On Mon, Jan 02, 2006 at 07:37:40PM +0100, Michael Niedermayer wrote:
> Hi
> 
> On Wed, Dec 28, 2005 at 04:09:32PM -0500, Rich Felker wrote:
> > with all the recent discussions over improving lavc, i've got some
> > ideas. mainly i'm worried that psnr is very misleading when trying to
> > improve motion estimation decisions since often a particular motion
> > vector will give better psnr but much worse actual quality due to loss
> > of small detail and mud/blocking.
> > 
> > because of this, i'd like to suggest that lavc be extended to measure
> > the 'uqi' (universal [image] quality index) proposed by the paper at
> > this site:
> > 
> > http://www.cns.nyu.edu/~zwang/files/research/quality_index/demo_lena.html
> > 
> > i think the images there speak for themselves regarding how stupid
> > psnr is as a judge of quality.
> > 
> > however, printing statistics isn't much use if you can't actually
> > improve encoding. so the main idea is too add a *cmp function to
> > measure the uqi and use this for motion estimation and optimal
> > quantization and qprd, etc. maybe also the ratecontrol engine itself.
> > this should do a much better job of telling when it's ok to use poor
> > quantization, zero ac coeffs, etc. and when it will look like shit
> > (like the last lena picture ;).
> 
> theres a problem with using this quality meassure for any decission,
> look at it, it pretty much ignores brightness changes, not only will

It doesn't. There are 3 factors: correlation, brightness, and
contrast. If you think the brightness and/or contrast are weighted too
low for use in encoding decisions you can apply an appropriate
exponent to them.

> that ignore flickering/blinking but if done per block brightness will
> be off per block this will not look good at all -> PSNR is still the
> better cmp function for these decissions, maybe it should be done in
> dct domain and different frequencies should be weighted differently
> maybe a closer to 0 error should be considered less wrong then a farther
> away from zero error ...

IMO this does not address the problem I'm talking about.
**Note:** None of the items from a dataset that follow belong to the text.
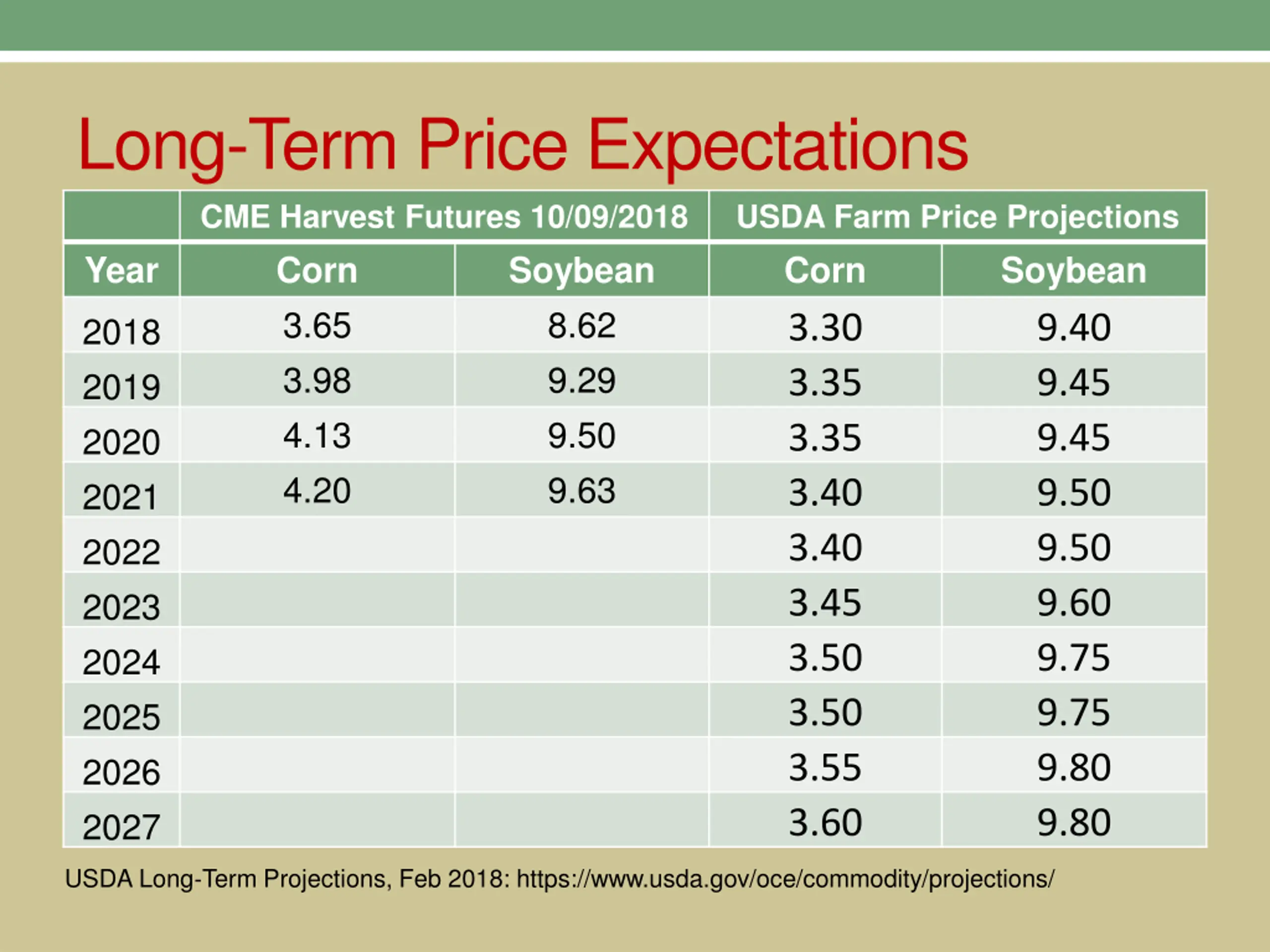 Long-Term Price Expectations CME Harvest Futures 10/09/2018 Year Corn Soybean 3.65 3.98 4.13 4.20 USDA Farm Price Projections Corn 3.30 3.35 3.35 3.40 3.40 3.45 3.50 3.50 3.55 3.60 Soybean 9.40 9.45 9.45 9.50 9.50 9.60 9.75 9.75 9.80 9.80 8.62 9.29 9.50 9.63 2018 2019 2020 2021 2022 2023 2024 2025 2026 2027 USDA Long Term Projections, Feb 2018: https://www.usda.gov/oce/commodity/projections/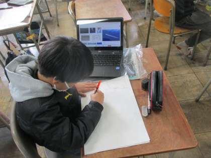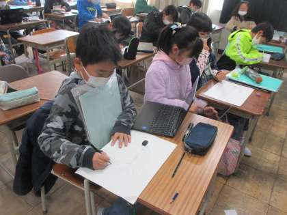 今日は3学期に行う版画の下書きをしました。図鑑を見ながら自分が版画で表したい海の生き物を選び、大きく描きました。どんな作品になるか楽しみです。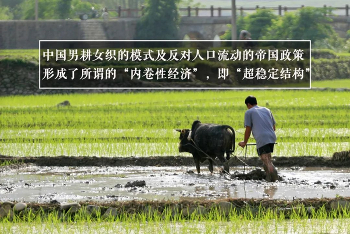 在制度上,中国的男耕女织模式,使得劳动力的投入成本几乎为零,而反对人口流动的帝国政策,则让新的生产力创新缺乏必要性,因此形成了所谓的“内卷性经济”,或用中国学者金观涛的话说,构成了一个“超稳定结构”。

A motion
block with correlaton perfect but brightness way off is still very
good since a single DC coefficient can encode the residue perfectly
and no detail will be lost. PSNR-based motion estimation will often
choose a solid or near-solid block when there's very little detail,
resulting in the same kinda ugliness that we've been seeing. (The
coefficients of the residue are very small and high-frequency so they
get quantized to 0..)

Rich